▶ [ABOUT THIS TASK] From the records below, output exactly the lines starting at the line with "尝试摇晃纸巾,用力摇晃也不会" and ending at the line with "Thống kê phong", both of them included, but no pictures.

THE INPUT section start

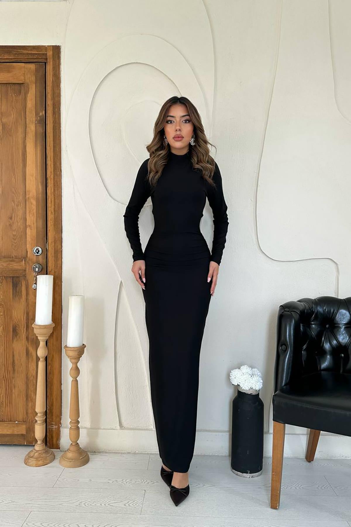 Toptan Siyah Arka Dekolteli Büzgülü Elbise
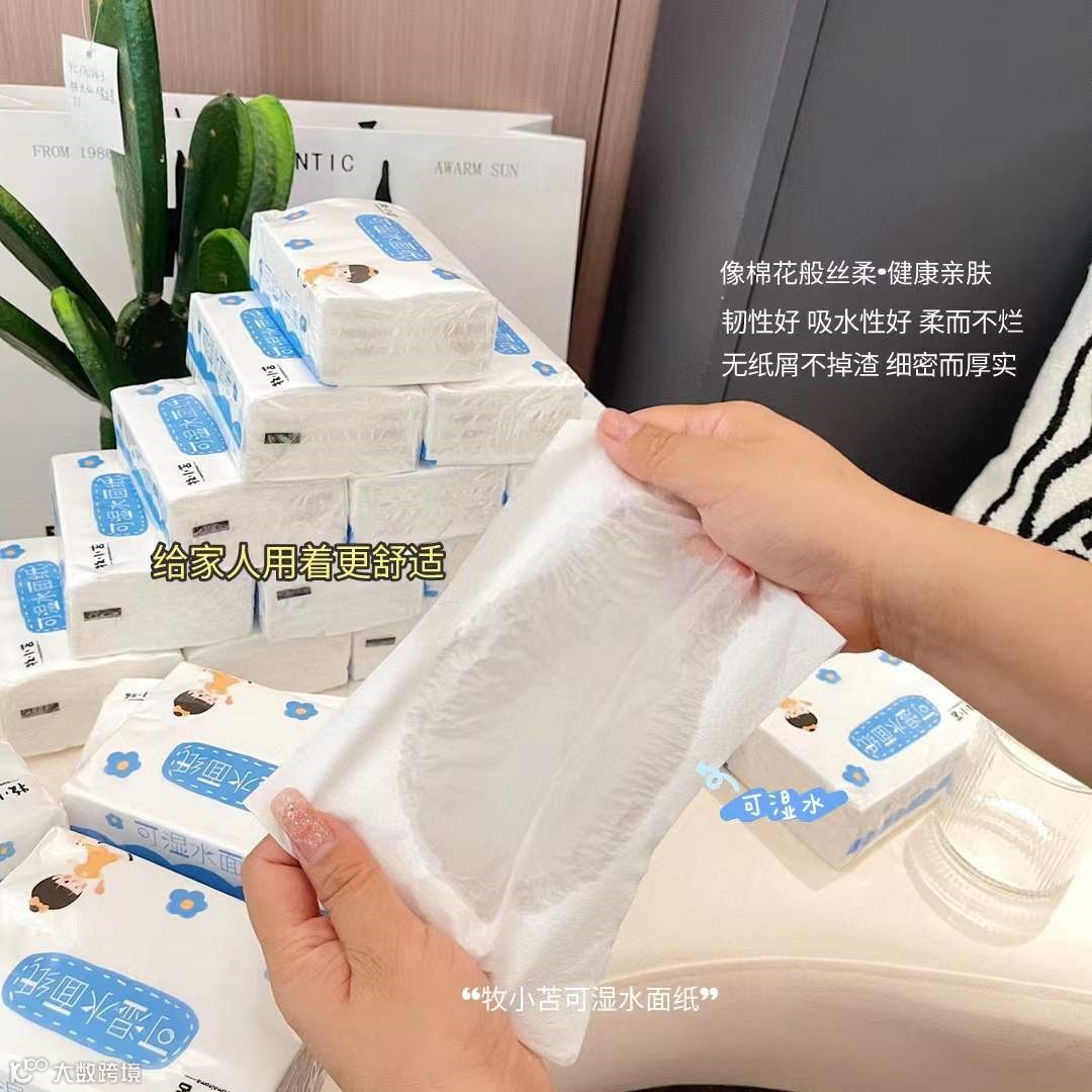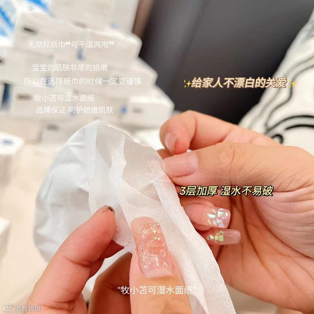 尝试摇晃纸巾,用力摇晃也不会破?!湿水柔韧不易烂果然不是夸出来了!^_^牧小苫纸巾
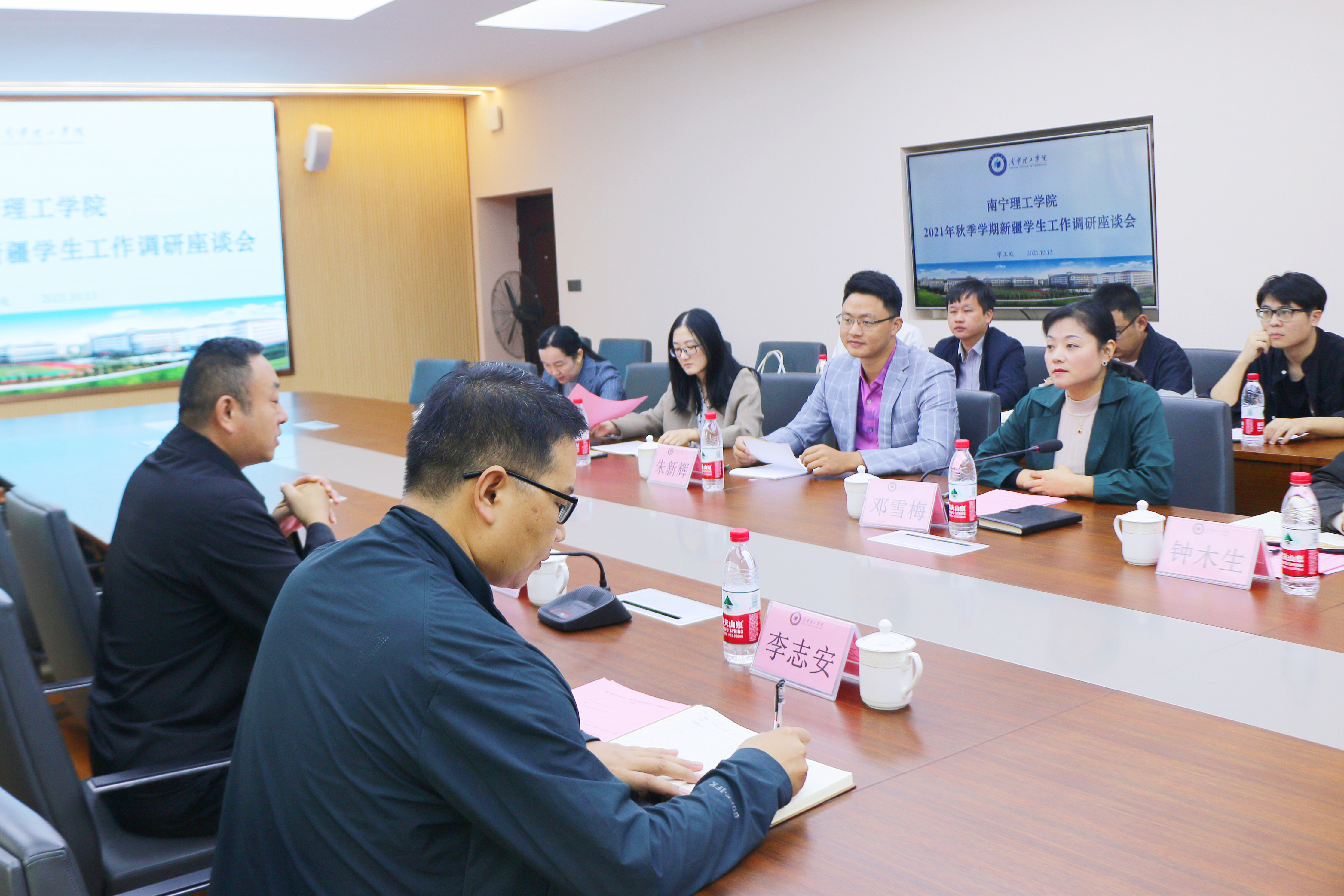 此次座谈会首先由自治区教育厅思政处副处长、新疆驻广西教育协调组组长李建军介绍来访的主要目的和内容,之后学工处副处长朱新辉介绍了我校新疆籍学生工作开展情况,最后协调组组长李建军对我校新疆籍学生工作开展情况提出建议。
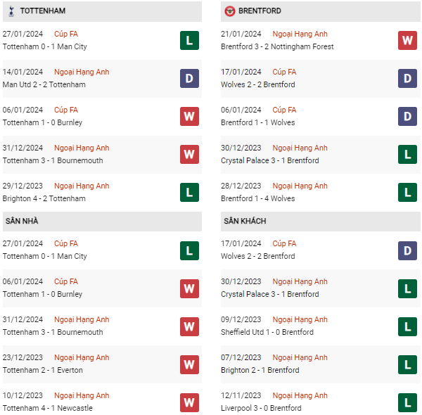 Thống kê phong độ Tottenham vs Brentford:
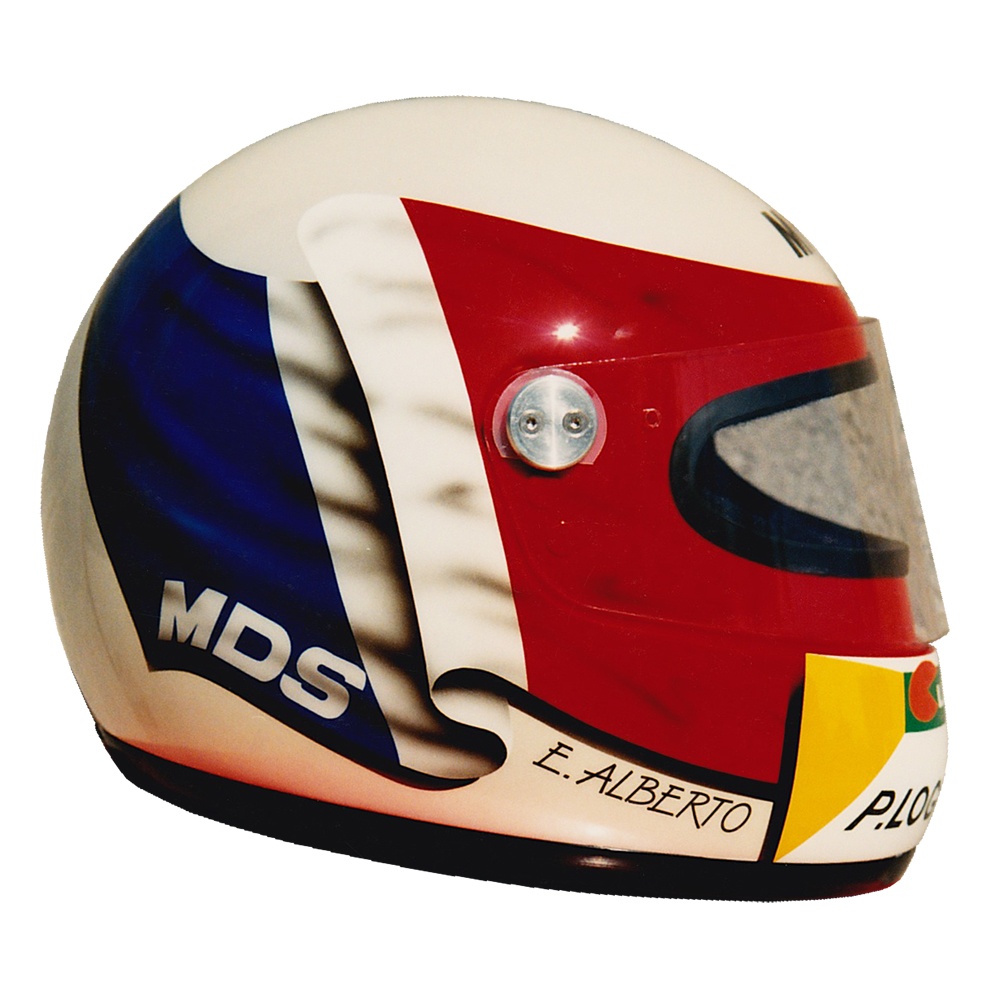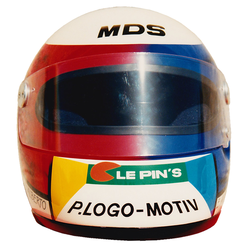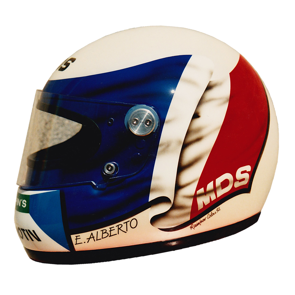 Circuit 1992 Eric ALBERTO #2 Casque MDS F1, crée et peint par Christian Roux / Rainbow Colors en 1992 pour Eric Alberto, Team LD Autosport, Championnat de France de Formule 3. Précédent Suivant

THE INPUT section end

▶ [RESPONSE AREA]
 尝试摇晃纸巾,用力摇晃也不会破?!湿水柔韧不易烂果然不是夸出来了!^_^牧小苫纸巾
 此次座谈会首先由自治区教育厅思政处副处长、新疆驻广西教育协调组组长李建军介绍来访的主要目的和内容,之后学工处副处长朱新辉介绍了我校新疆籍学生工作开展情况,最后协调组组长李建军对我校新疆籍学生工作开展情况提出建议。
 Thống kê phong độ Tottenham vs Brentford:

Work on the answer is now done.